ACTION ITEM:
Every line in the data below that holds "الرئيس" should be found and copied.

MATERIAL PROVIDED:
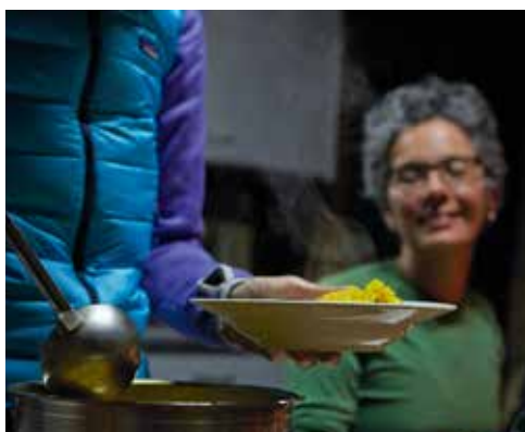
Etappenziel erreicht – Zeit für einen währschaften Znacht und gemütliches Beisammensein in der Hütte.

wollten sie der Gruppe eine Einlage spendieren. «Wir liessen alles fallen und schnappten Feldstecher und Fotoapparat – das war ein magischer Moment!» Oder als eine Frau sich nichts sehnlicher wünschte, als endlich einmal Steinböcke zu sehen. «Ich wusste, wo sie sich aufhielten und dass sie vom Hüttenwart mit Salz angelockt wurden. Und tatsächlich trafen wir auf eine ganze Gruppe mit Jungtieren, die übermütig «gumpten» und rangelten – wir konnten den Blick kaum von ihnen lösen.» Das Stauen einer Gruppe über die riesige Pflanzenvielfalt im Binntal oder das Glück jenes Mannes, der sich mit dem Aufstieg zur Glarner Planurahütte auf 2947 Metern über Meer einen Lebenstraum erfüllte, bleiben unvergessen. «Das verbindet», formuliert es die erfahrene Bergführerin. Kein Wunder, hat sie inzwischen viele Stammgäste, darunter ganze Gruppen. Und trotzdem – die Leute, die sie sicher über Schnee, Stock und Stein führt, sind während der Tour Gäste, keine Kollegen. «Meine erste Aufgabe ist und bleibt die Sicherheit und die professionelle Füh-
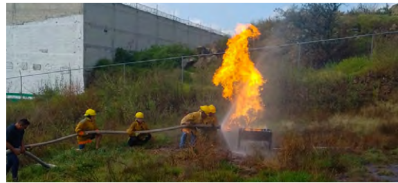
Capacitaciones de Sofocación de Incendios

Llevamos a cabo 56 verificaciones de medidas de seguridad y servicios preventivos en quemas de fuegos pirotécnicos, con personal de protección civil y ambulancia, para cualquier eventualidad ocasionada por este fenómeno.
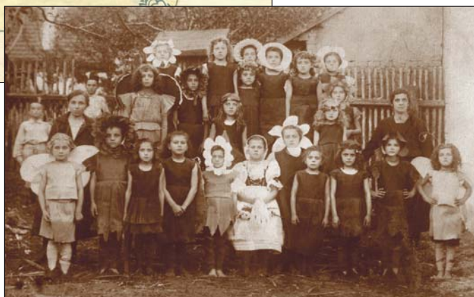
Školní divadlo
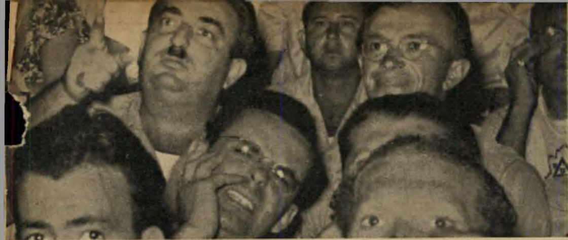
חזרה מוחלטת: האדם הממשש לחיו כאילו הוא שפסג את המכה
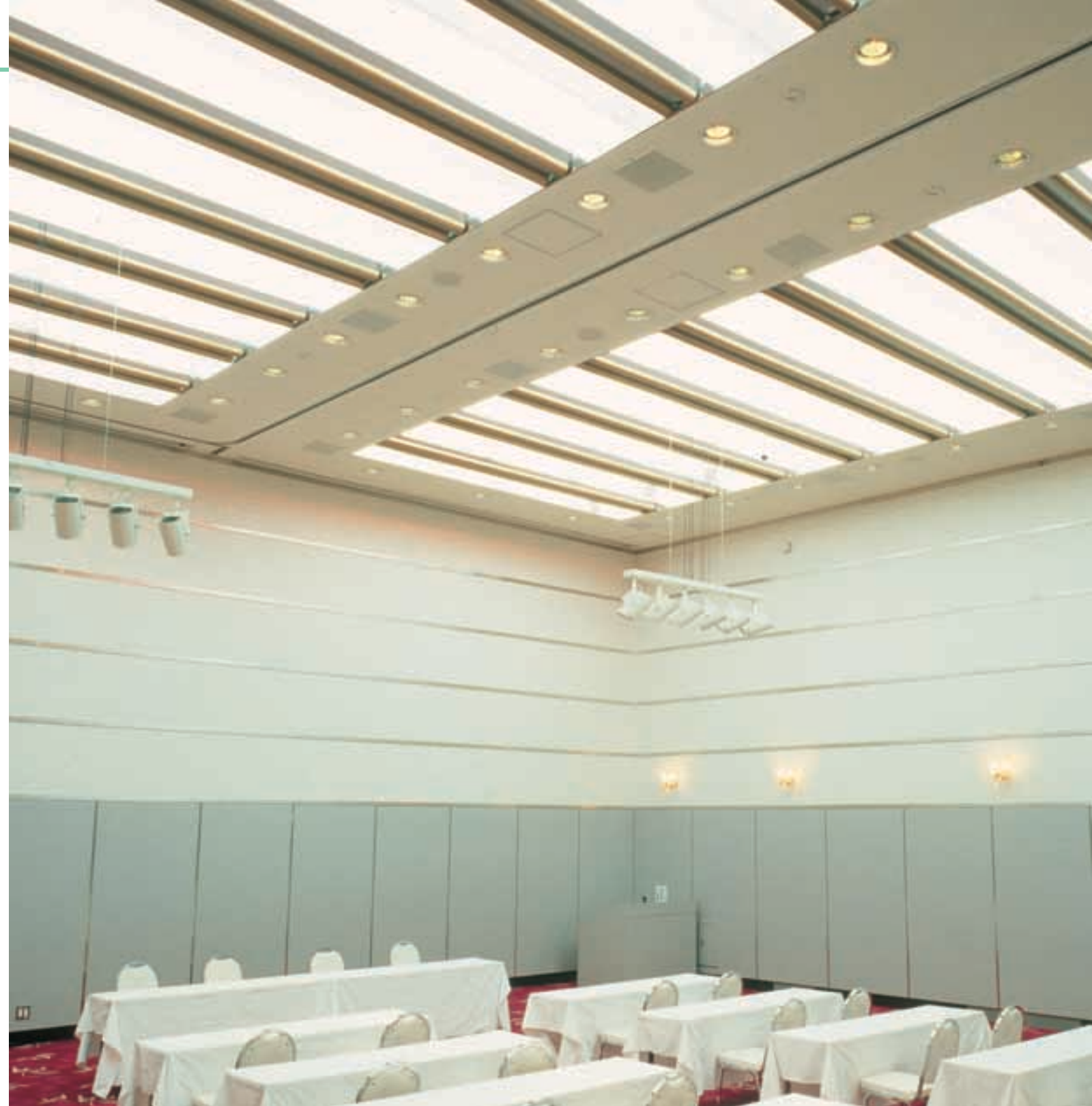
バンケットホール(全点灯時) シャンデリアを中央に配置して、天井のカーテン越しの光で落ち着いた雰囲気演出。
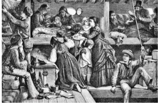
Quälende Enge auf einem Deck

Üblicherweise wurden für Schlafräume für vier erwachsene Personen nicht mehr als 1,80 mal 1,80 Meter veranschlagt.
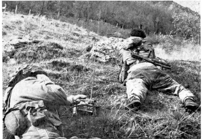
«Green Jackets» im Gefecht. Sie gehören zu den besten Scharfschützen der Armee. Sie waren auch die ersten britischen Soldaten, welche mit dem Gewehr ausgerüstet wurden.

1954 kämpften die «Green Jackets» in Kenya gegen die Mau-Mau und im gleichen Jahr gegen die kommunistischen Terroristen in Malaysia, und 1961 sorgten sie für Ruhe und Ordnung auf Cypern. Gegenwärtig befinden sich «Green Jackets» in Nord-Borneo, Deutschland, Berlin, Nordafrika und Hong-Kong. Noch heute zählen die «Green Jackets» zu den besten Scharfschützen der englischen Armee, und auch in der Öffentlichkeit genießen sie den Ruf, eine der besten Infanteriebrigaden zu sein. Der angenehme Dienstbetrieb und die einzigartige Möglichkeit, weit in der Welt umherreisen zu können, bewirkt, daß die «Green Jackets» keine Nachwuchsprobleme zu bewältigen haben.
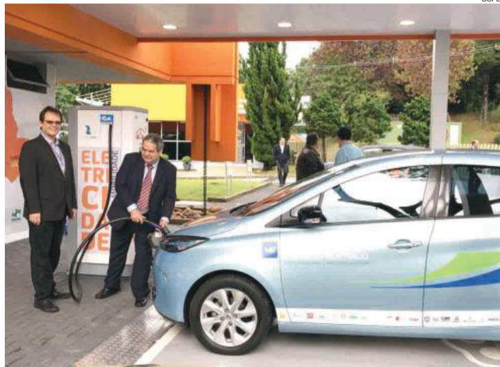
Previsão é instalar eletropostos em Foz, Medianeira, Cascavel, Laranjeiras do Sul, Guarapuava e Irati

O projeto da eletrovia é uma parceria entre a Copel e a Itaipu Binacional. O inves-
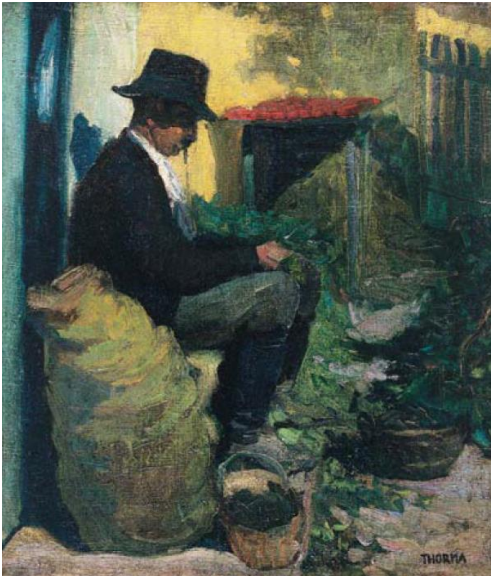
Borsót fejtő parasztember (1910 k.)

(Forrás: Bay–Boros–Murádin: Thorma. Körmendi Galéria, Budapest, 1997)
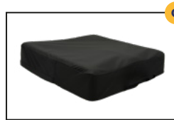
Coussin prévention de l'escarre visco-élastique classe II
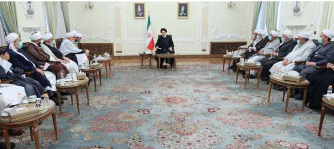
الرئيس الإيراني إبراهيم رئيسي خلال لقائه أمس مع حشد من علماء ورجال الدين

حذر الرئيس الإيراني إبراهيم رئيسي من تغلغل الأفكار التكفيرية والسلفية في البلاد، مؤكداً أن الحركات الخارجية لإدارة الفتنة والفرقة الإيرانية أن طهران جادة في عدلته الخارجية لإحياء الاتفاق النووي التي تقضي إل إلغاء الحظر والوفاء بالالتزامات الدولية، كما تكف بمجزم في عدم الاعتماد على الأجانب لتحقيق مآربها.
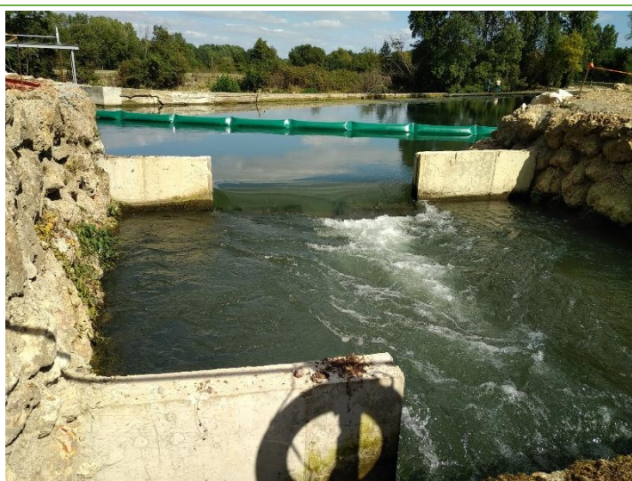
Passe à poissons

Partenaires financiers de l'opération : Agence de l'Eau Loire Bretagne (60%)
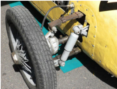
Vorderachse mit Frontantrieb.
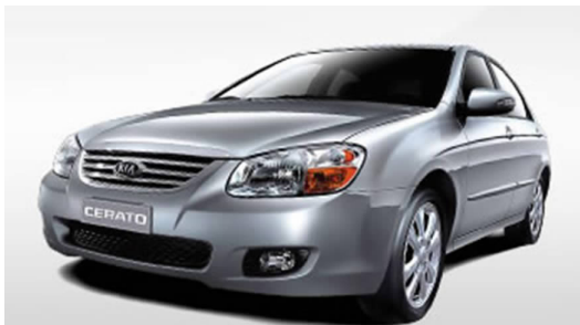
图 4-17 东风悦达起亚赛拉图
--
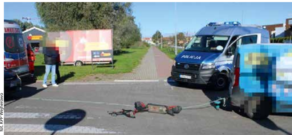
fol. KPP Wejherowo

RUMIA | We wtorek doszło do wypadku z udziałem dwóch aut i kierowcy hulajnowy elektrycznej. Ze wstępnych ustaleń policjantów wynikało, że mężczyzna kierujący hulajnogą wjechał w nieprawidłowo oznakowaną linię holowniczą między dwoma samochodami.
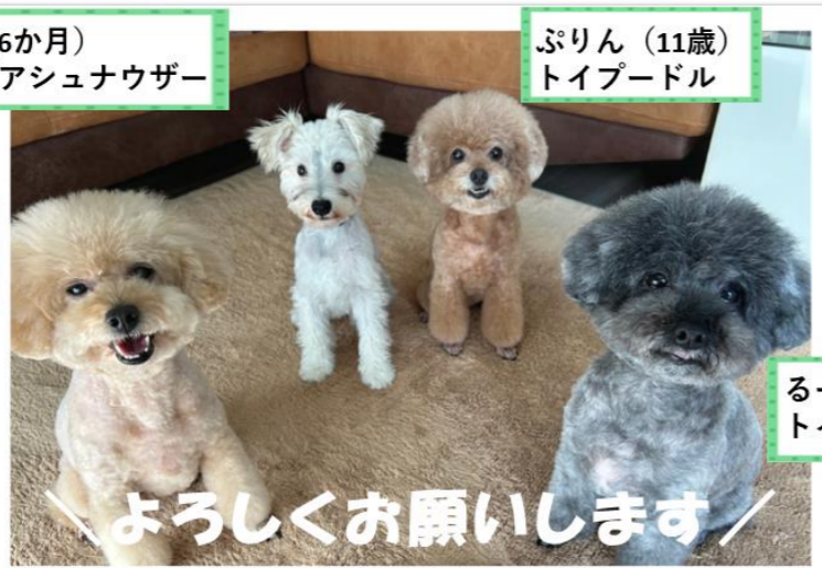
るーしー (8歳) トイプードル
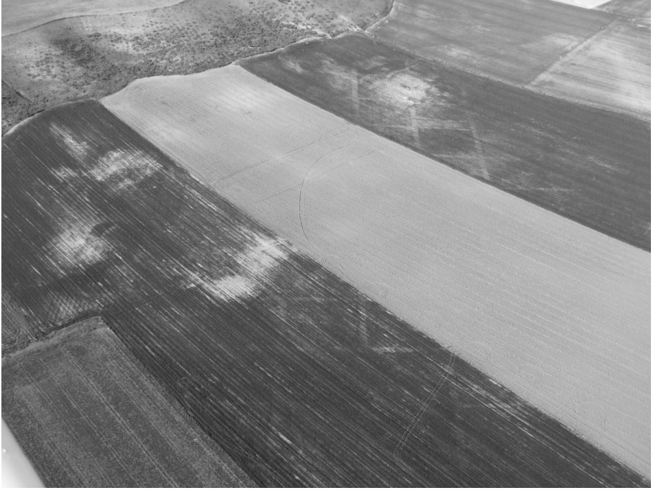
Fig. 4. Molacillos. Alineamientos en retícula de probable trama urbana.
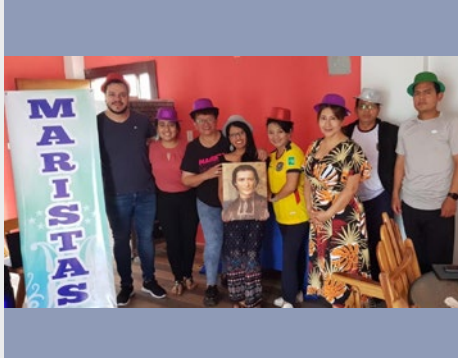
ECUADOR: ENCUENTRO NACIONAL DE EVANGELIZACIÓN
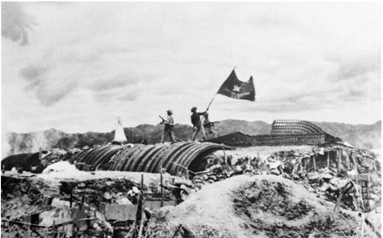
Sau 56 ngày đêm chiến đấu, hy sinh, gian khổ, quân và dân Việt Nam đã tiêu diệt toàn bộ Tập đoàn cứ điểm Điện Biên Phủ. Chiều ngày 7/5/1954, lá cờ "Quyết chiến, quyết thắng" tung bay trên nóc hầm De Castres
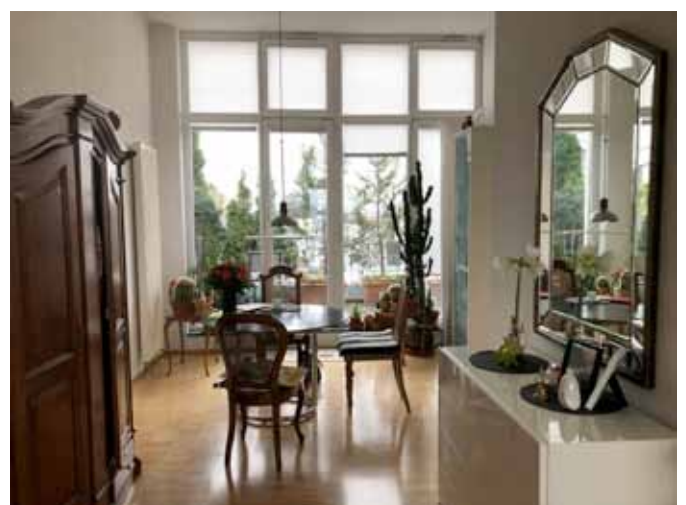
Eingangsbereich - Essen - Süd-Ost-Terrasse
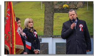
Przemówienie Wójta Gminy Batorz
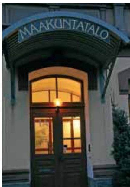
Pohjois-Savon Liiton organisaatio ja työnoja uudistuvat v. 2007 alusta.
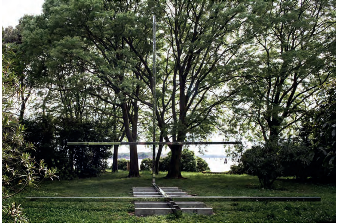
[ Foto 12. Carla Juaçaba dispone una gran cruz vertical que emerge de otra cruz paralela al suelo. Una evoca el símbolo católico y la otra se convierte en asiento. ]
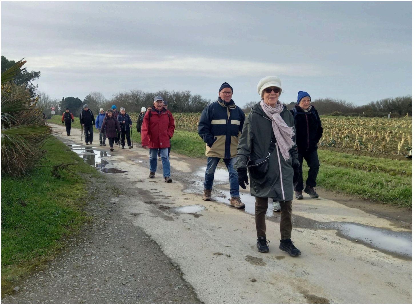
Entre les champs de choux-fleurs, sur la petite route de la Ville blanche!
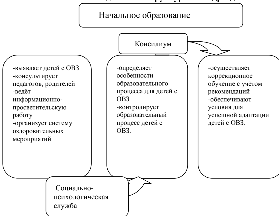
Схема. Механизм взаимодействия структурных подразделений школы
---
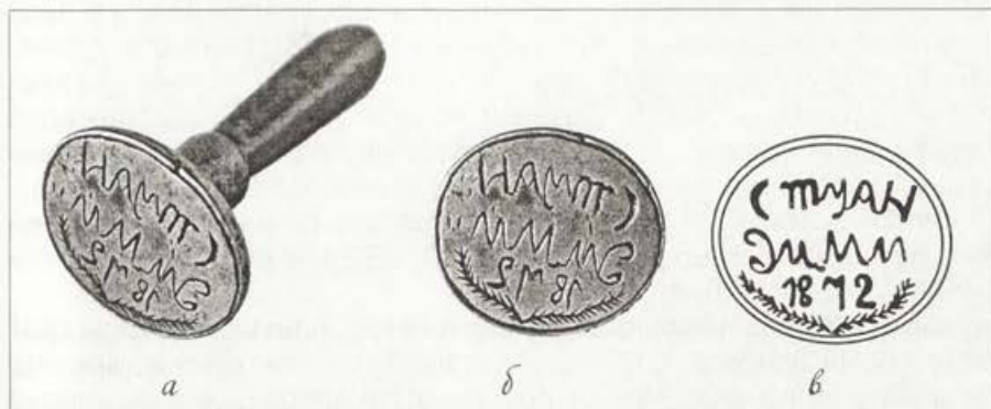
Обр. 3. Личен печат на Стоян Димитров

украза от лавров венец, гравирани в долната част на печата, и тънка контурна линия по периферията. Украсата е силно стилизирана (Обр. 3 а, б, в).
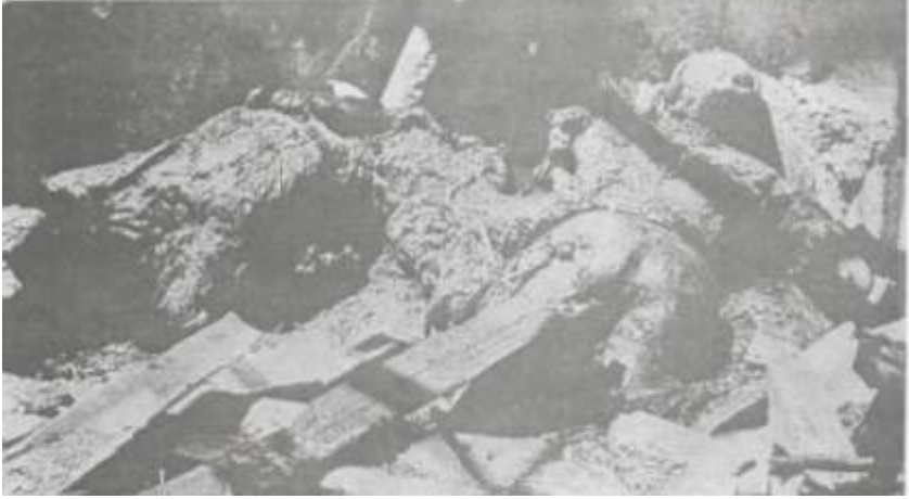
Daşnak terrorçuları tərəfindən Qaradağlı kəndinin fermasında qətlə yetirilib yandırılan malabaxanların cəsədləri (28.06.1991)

ANSWER BELOW:
الرئيس الإيراني إبراهيم رئيسي خلال لقائه أمس مع حشد من علماء ورجال الدين
حذر الرئيس الإيراني إبراهيم رئيسي من تغلغل الأفكار التكفيرية والسلفية في البلاد، مؤكداً أن الحركات الخارجية لإدارة الفتنة والفرقة الإيرانية أن طهران جادة في عدلته الخارجية لإحياء الاتفاق النووي التي تقضي إل إلغاء الحظر والوفاء بالالتزامات الدولية، كما تكف بمجزم في عدم الاعتماد على الأجانب لتحقيق مآربها.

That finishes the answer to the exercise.